Dibble’s work reflects loss, artist’s growth

MIDDLEBURY — Edgewater Gallery in Middlebury will host Anna Dibble’s upcoming compelling and very personal exhibit, “Lest Our Vine End (L.O.V.E.)” The September exhibit includes an opening reception on Friday, Sept. 11, from 5-7 p.m., and an artist talk titled “Crossing Places” on Saturday, Sept. 12, from 3-5 p.m.
The direct result of a stretch of loss and change, Dibble’s new body of work reflects how she had to lose herself in her painting in order to find herself once again. After the death of her husband, her dog and her mother, Dibble chose to downsize her home, her workspace and her belongings. This led to a migration from working in oil-based to water-based mediums and at the same time she also felt she needed to search out a new way of working.

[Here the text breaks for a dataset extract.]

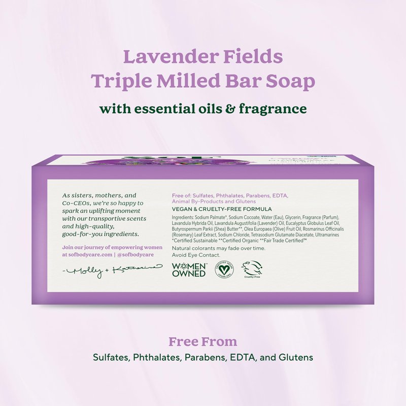 Lavender Fields Clean Bar Soap by South of France Clean Body Care | Triple-Milled French Soap with Organic Shea Butter + Essential Oils | Vegan, Non-GMO Body Soap | 6 oz Bar – 4 Pack - South of France Natural Body Care was founded in 1999. Since then, it has become one of the top-selling brands of all-natural bar soap sold nationally in grocery and health food stores and via online retailers. The original South of France soap formula was developed by a French expatriate in the US and manufactured in France using a traditional Marseille triple-milled recipe. Today, South of France soap is manufactured in the USA, still, kettle cooked in small batches using this traditional Marseille recipe with all natural vegetable ingredients.

“The grieving, which often seemed like an outside force that continually attacked like an emotional terrorist, erased clarity and inspiration,” Dibble said. “There was nothing I could do to speed up the grieving process and get to the elusive ‘other side.’” At some point, she had to accept that the grieving for the two most important people in her life was going to go on for very long time and that she would have to reinvent her method and “paint into the pain with hopes I could paint my way out of the pain.”
What emerged is quite possibly her best work, yet. Two related series, one figurative, one abstract, which tell the story of loss, love, change, hope and healing. Dibble titled the show “Lest Our Vine End (L.O.V.E.)” because these paintings come from her love for her husband, mother, and dog, as well as from the loss of them.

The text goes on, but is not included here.